Making Magic: The Importance of Music Venues.

The live music industry has been hit hard by the Coronavirus Pandemic and there are many small venues, crucial to giving talented musicians a platform to showcase their work, which sadly won’t recover financially from it. Such venues, dotted all over the UK, have facilitated and supported a growing cultural framework for years by introducing generations of people to new musical movements, artists, and more. Whilst I wish I could write about the contribution of every single venue in the UK, an impressive feat that would take most of my life to complete, I have instead settled on writing about three which I believe showcase both their importance to music history and to the growth of the live music industry today. I have given a short introduction to each below.

Moles Nightclub, Bath

Founded by Phil Andrews, who also happens to co-own the Jane Austen Museum, the club opened on New Year’s Eve in 1978. The venue was initially for folk and jazz artists. However with the arrival of disco, Moles had to modernise in order to keep up with the rapidly changing music scene. The range of music on offer at Moles soon grew to incorporate live rock music. By the late 1980’s Moles had established itself as a popular destination for touring musicians. Phil extended his club to include a recording studio which saw the likes of Elbow grace it’s doorway.

Now, Moles Nightclub has become a favourite for students with an array of varying music tastes. Whilst Cheesy Tuesday’s will accommodate anyone with a love for the noughties, Wednesday nights are now dedicated to rock and metal, for anyone with a taste for the heavier stuff. The club also has brilliant links with music students and upcoming bands. Moles provides a platform for new talent to showcase their creative portfolio, network, and grow. I myself have discovered many great artists through going to various events.

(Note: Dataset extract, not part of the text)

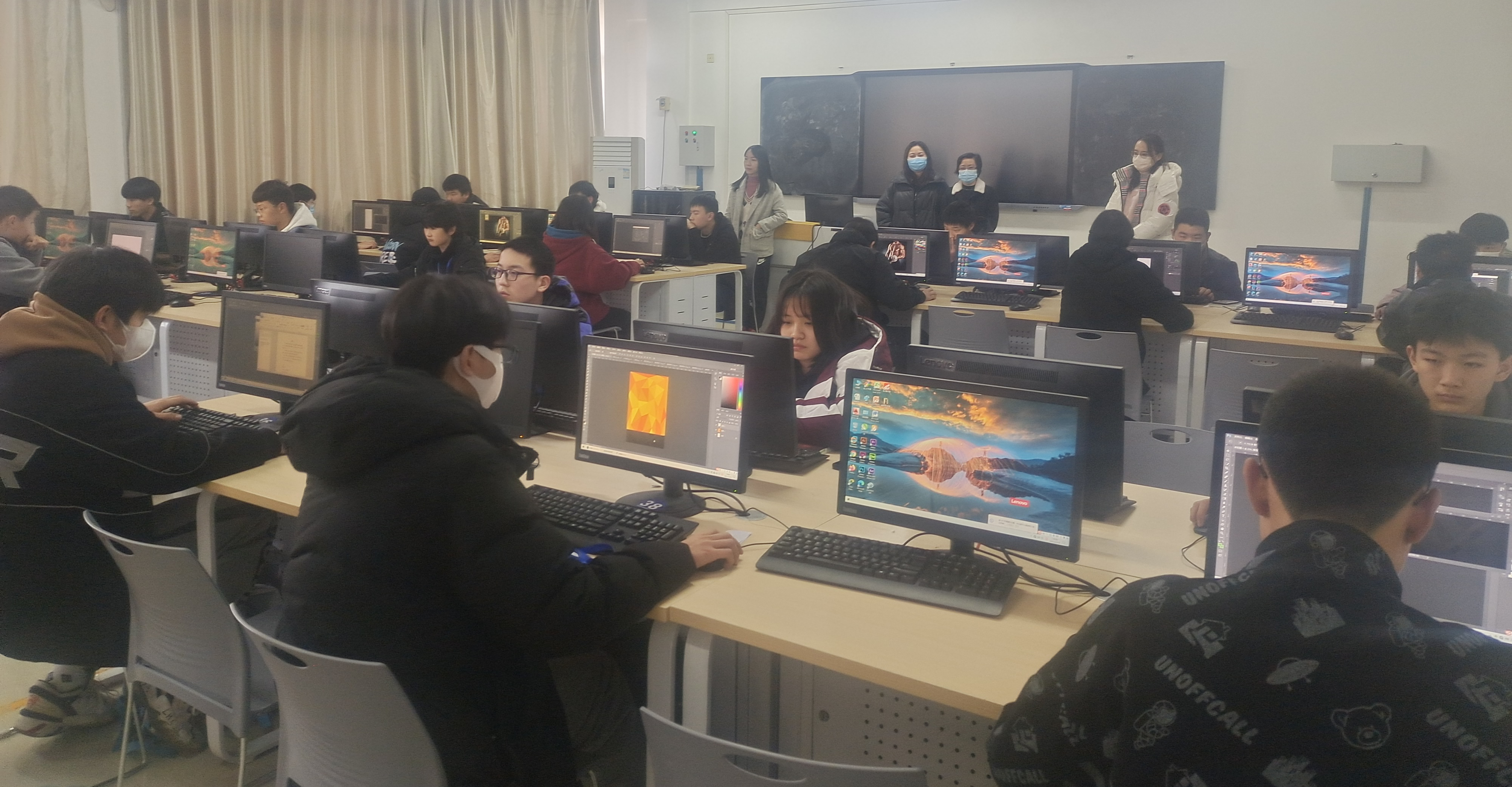 2021年12月14日下午,计算机技术系从计算机网络技术和网络信息安全两个专业中的12个班级中遴选出28名优秀选手参加了2021-2022学年第一学期的第二课堂活动之PS应用技术竞赛项目,此次竞赛活动组织场地在315机房,参加此项第二课堂活动的指导教师及评委有门雅范主任、杨宗仁副主任、石艳老师、尚风琴老师、宋晓丽老师及李楠老师,比赛时间为一个小时。

De Montfort Hall, Leicester

De Montfort Hall was built by the Corporation of Leicester and finished in 1913. The hall has had some notable guests over the years. In the 1960’s both The Beatles and Bob Dylan sold out the venue, an accomplishment that other artists such as The Rolling Stones were unable to achieve.  The hall was also a stop on David Bowie’s Ziggy Stardust Tour in 1973.

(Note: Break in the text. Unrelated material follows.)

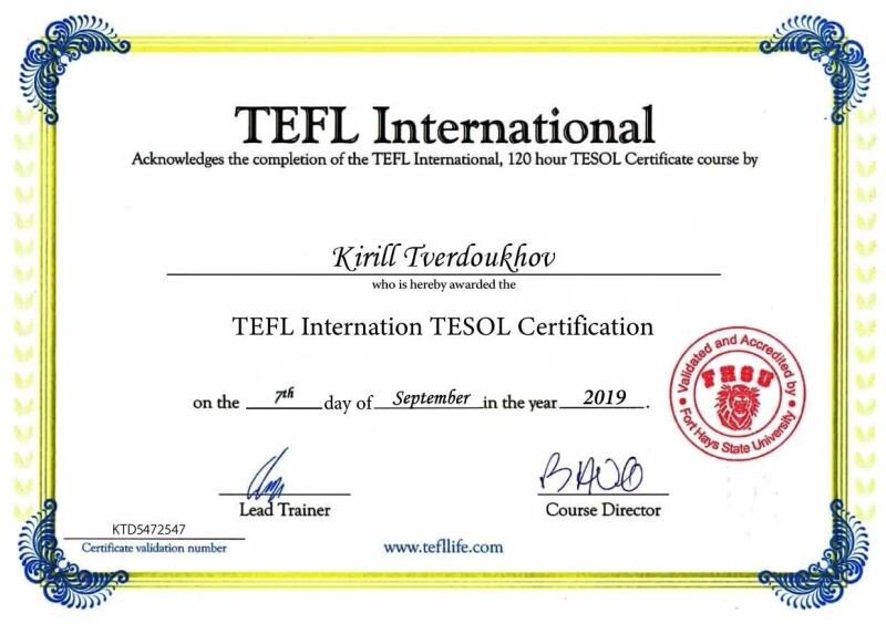 - TEFL Teaching English as a Foreign Language Certification, 2019 г.

Nowadays De Montfort Hall is not only used to showcase live music. It has become a hub for opera, ballet, and religious festivals. Until recently, the grounds of De Montfort Hall hosted Simon Says Festival. Created in partnership with a few of Leicester’s independent music venues, the festival gave homegrown talent the opportunity to connect with wider audiences.

The Cavern Club, Liverpool

We all know where I’m going with this one. The venue is probably most well known for playing host to The Beatles, but I’m going to give a little run down of its history which begins before that. In 1957 the venue opened its doors for the first time. Named after the French club Le Caveau De La Huchette Alan Sytner, the club’s owner, wanted it to become a popular venue for Jazz music. His plan was pretty successful with many Jazz legends performing at the venue such as Sister Rosetta Tharpe, Marie Knight, and Big Bill Broonzy. They also hosted the Quarry Men Skiffle Group which both John Lennon and later Paul McCartney were members of. The 1960’s saw the takeover of Beat Music and the rise of The Beatles. Their first performance took place on the 9th of February 1961 albeit with a slightly different line up since the group were initially a quintet with Stuart Sutcliffe on Bass and Pete Best on Drums.  It was at one of their performances that Brian Epstein spotted them. He became their first manager and secured them their first record contract. However, when the band appeared in 1962, Sutcliffe and Best were no longer apart of the line-up with Ringo Starr making his first appearance on drums. Their last performance as a group took place on Sunday the 3rd of August 1963. After a short closure in 1966 the club was reopened by Prime Minister Harold Wilson. The newly refurbished club had new renovations including a souvenir shop and café. The 1970’s saw the likes of Status Quo, Queen, and Suzi Quatro grace the venue.

Interior of the Cavern Club

The 1980’s saw The Cavern Club enter a very turbulent time. On the 9th of December 1980, Beatles fans all over the United Kingdom woke up to the news that John Lennon had been fatally shot. This saw the music venue become a site of mourning and remembrance for many local fans. The club also saw a series of redevelopments with the creation of a bar, restaurant, and shop. The 1990’s saw the venue change hand’s with Cavern City Tours becoming new owners of the club. The space continued to be a springboard for new talent well into the 2000’s. Today, the Cavern Club still promotes live music but also works as a heritage sight, paying homage to its long and varied history.

I have given a very brief overview of each venue above (I really didn’t do The Cavern Club justice!), but I hope that my summaries have given an idea of how they’ve been influential in helping music to thrive.